The University of Hawaii has completed construction for its new, $65 million Life Sciences Building on its Manoa campus, officials with the state university announced Tuesday.
The three-story, 70,000-square-foot facility is located on the Diamond Head end of McCarthy Mall and includes 21 state-of-the-art teaching and research laboratories, with the capacity to serve more than 500 students daily.
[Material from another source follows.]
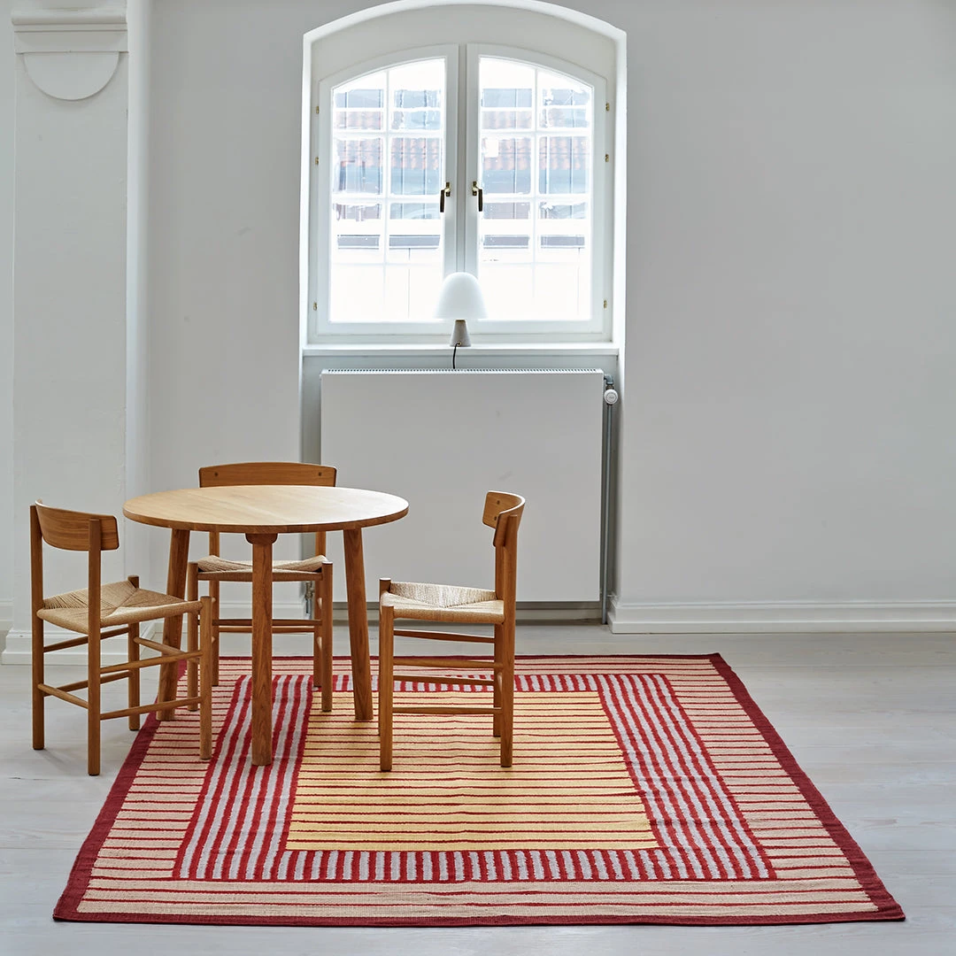 The Hemp Collection by Tanja Kirst is handwoven with Italian hemp yarn. Each thread consists of 50 thin threads spun together and dyed in bio color. The collection is part of an ongoing project investigating how the familiar hemp plant can be transformed into durable and sustainable woven textiles. The fact that hemp requires little water, can be cultivated without fertilizer and improves soil structure and adds nutrients as it grows – makes the hemp plant important in the aim for a more sustainable textile production. Handwoven in a flat weave construction with color and weft effect.

The multi-million dollar building will house the College of Natural Sciences biology, microbiology and botany departments along with the Pacific Biosciences Research Center, which operates the state’s only transmission electron microscope.
The building — which will be open for instruction beginning in the Fall 2020 semester — also features a 600-square foot student collaboration area, 52 graduate student workstations, five conference rooms and 28 faculty offices.
“We are extremely excited that the Life Sciences building is ready,” said UH Manoa College of Natural Sciences Dean Aloysius Helminck, in a statement. “It’s a fantastic opportunity, a collaboration between several different units on campus to provide absolutely top-notch, world-class facilities for both research and instruction.”
The Life Sciences Building is the university’s first major design-build project, a single contract for the design and construction with a fixed cost.
“This building was designed and constructed purposely to bring together many of our most-accomplished researchers with undergraduate and graduate students,” said UH Manoa Provost Michael Bruno, in a statement. “The interdisciplinary collaboration that will happen in the new facility offers an exciting opportunity for our students, our future researchers and leaders.”
In 2016, leaders at the university mapped out a new campus modernizing strategy-designing university space to encourage “interdisciplinary collaboration and communication,” that will, in turn, support modern teaching, learning, and innovation. The university partnered with Layton Construction Company, LLC, and its design consultant G70 for the Life Sciences project.
The next major project on the Manoa campus is a $41 million, design-build to renovate the Sinclair Library into a student success center, which state legislators funded in 2019.
“We cannot thank state lawmakers and the governor enough for supporting this project,” said UH President David Lassner, in a statement. “Beyond the amazing educational and research opportunities that the facility offers our students and scientists, it also provided the university an opportunity to prove that it could efficiently build a facility that will advance 21st century teaching, learning and research.”